## EXERCISE
Set down, please, exactly the lines below that run from the line with "经过两个月的数据收集,我们发" to the line with "This bingo card", both lines included.

## SOURCE DATA
☆ ☆ ☆ ☆ ☆ ☆ ☆

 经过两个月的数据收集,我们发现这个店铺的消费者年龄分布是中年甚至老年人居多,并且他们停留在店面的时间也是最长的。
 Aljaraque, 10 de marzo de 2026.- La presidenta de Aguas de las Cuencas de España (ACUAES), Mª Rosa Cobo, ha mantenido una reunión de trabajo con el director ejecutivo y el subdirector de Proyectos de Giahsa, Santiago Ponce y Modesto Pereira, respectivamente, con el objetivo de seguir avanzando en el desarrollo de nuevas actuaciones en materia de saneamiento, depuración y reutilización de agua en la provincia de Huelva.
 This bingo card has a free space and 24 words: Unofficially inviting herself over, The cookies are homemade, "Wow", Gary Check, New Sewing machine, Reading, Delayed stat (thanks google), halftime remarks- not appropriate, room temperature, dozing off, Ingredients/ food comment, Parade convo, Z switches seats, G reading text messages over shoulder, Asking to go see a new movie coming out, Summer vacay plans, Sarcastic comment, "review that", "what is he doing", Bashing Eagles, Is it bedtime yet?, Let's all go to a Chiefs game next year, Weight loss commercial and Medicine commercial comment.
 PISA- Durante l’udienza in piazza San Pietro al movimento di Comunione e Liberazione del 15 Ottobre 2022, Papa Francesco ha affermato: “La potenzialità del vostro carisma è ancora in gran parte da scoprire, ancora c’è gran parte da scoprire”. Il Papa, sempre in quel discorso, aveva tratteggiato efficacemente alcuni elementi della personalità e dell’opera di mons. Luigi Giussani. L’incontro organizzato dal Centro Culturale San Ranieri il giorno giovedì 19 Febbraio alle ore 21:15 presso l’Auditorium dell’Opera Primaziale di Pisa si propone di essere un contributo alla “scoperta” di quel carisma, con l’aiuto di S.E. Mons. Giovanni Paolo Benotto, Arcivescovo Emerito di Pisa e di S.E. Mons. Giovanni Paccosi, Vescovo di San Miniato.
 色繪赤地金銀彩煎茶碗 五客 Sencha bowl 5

☆ ☆ ☆ ☆ ☆ ☆ ☆

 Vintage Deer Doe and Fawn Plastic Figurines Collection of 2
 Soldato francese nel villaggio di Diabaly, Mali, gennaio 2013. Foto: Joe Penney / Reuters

☆ ☆ ☆ ☆ ☆ ☆ ☆

## FINISHED EXERCISE
 经过两个月的数据收集,我们发现这个店铺的消费者年龄分布是中年甚至老年人居多,并且他们停留在店面的时间也是最长的。
 Aljaraque, 10 de marzo de 2026.- La presidenta de Aguas de las Cuencas de España (ACUAES), Mª Rosa Cobo, ha mantenido una reunión de trabajo con el director ejecutivo y el subdirector de Proyectos de Giahsa, Santiago Ponce y Modesto Pereira, respectivamente, con el objetivo de seguir avanzando en el desarrollo de nuevas actuaciones en materia de saneamiento, depuración y reutilización de agua en la provincia de Huelva.
 This bingo card has a free space and 24 words: Unofficially inviting herself over, The cookies are homemade, "Wow", Gary Check, New Sewing machine, Reading, Delayed stat (thanks google), halftime remarks- not appropriate, room temperature, dozing off, Ingredients/ food comment, Parade convo, Z switches seats, G reading text messages over shoulder, Asking to go see a new movie coming out, Summer vacay plans, Sarcastic comment, "review that", "what is he doing", Bashing Eagles, Is it bedtime yet?, Let's all go to a Chiefs game next year, Weight loss commercial and Medicine commercial comment.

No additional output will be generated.